Thankfully, the box-office attendant at Grand Action Cinema spoke English and sensed my embarrassment over not having learned to count to two in his language ("Um, two, Nashville, merci?"). He sent us to the "Salle Henri Langlois," an auditorium named after the famed French cinephile and director of the Cinémathèque Française. Plastered across the back of the room is a large photograph of Langlois leaning onto a railing, as if he is watching the film along with you. A French woman picked up a microphone to introduce the film; her introduction was gibberish to us, excepting the heavily accented names and titles ("French French French French Robert Alt-men... French French French French Gosfard Parrk"). Then she finished, and the film began.
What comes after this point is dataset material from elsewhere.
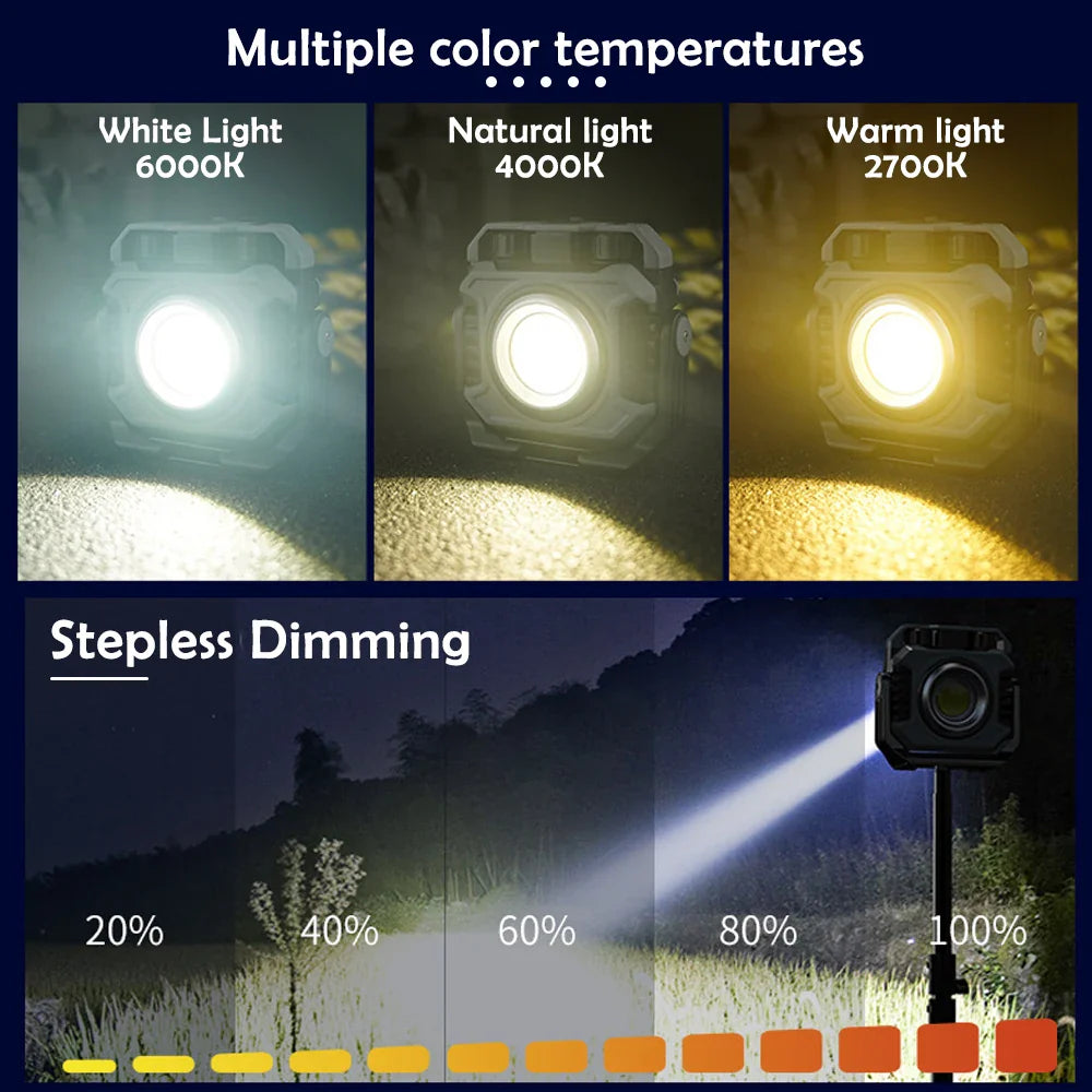 📌 Kraftfull dobbel belysning – 1500 lumen bred COB flomlys + 600 lumen fokusert TG3 spotlight: Trinnløs dimming, av/på-bryter, og tilpasset for enhver situasjon.

I wondered how much of the film would be lost on our fellow moviegoers, as the French subtitles can only translate so much of Altman's famed multi-tracked, overlapping dialogue. I also wondered if it would feel strange to observe this quintessentially American film from the outside looking in. Released in 1975, on the eve of the American bicentennial, the picture opens with the recording of a jingoistic anthem called "200 Years" ("We must be doin' somethin' right to last 200 years!"). It spends a few days in the title city, using the country-music capital as a microcosm for the country, where Altman assembles a large, unruly cast of unforgettable (and indisputably American) characters and caricatures, rotates between them, combines and disrupts them, gathers them together and tears them apart.
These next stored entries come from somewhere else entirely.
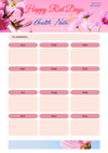 Weekly Planner for daily listing of Foods, Beauty time, Hygiene Schedule etc. for anyone, And Yearly period Planner especially for women whose period are irregular and not have time or any awareness. It will help women remind about regular period schedules.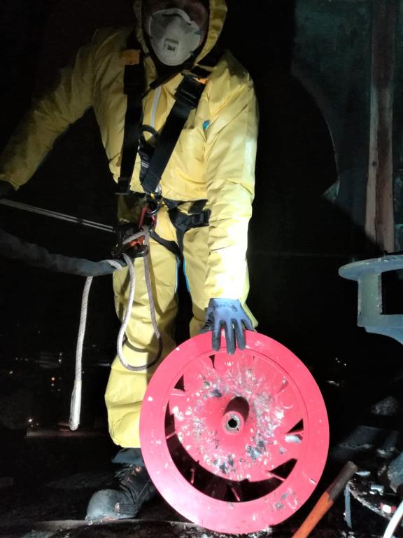 VOITSBERG, am 09.11.2020 Nach einem technischen Ausfall der Sirene am Kirchturm der Michaelskirche in Voitsberg wurde diese von Kameraden der FF Voitsberg abgebaut, reperiert und wieder unter schwierigen Bedingungen montiert.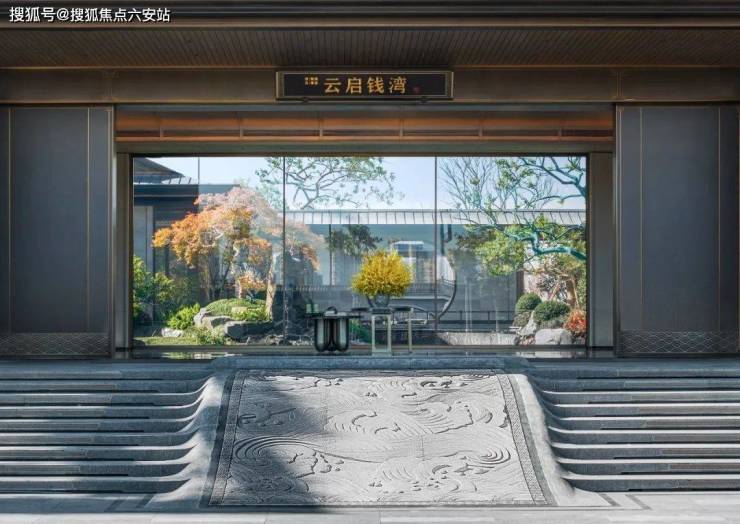 从大门开始,云启钱湾采用隆重的「重檐悬山顶」,门口台阶中间的「水纹御道」和钱江潮涌呼应。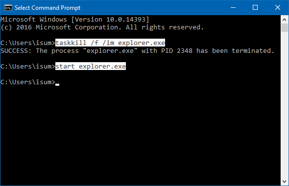 Paso 3: Luego escribeiniciar explorer.execomando para iniciar el proceso explorer.exe.
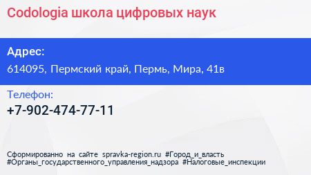 Codologia, школа цифровых наук по адресу 614095, Пермский край, Пермь, Мира, 41в в дальнейшем Организация, размещена в следующих категориях:

The narrative is loosely organized around a series of threads: an upcoming rally for populist third-party candidate Hal Philip Walker (who sounded, in that summer of 2011, alarmingly like Ron Paul), the homecoming of popular but troubled country star Barbara Jean, a BBC reporter documenting the local scene. But as with any Altman film, Nashville is not about plot. It is about moments, moods, emotions, the subtext of a tense silence, the exchange of a loaded glance. It is about the horrible split second when tone-deaf Sueleen Gay realizes that she has not been invited to that sleazy "fundraiser" to sing; it is about the impotent helplessness that Barnett feels as his wife falls apart on stage, the band giving up behind her as she spins off into another pointless anecdote; it is about the terrible longing that married mother Linnea feels as she sits in the audience while Tom sings, it seems, only to her--though a good half-dozen women in the room are sharing the same delusion.
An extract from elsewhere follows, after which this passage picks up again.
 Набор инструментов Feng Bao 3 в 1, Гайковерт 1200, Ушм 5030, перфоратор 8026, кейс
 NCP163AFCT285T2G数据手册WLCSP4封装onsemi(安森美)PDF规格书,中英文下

In that moment, Linnea (played by Lily Tomlin, who gives perhaps the finest performance in a film where that is not an easy call) knows what is wrong and what is right--knows how she should act, but also realizes how she will act. Throughout his long and fascinating career, Robert Altman frequently explored the theme of the American identity--how we think of ourselves, who we really are, and the tension between those two notions. With rare exceptions, Altman does not judge his characters for that dichotomy. He loves them both for all they are and for all they wish they were, and he loves them for the space in between. That space is where his films live: The United States of Altman, a wild, eccentric place where the authoritarian establishment was to be sneered and laughed at, where kooks and oddballs were our heroes. It was a vivid, earthy, low-down world, where people talked over one another and the backgrounds were often more interesting than the foregrounds, where women were strong and men were broken, where everything was connected to everything else while simultaneously having nothing to do with anything. He did not stand aloof; he was embedded in that country, invested in it.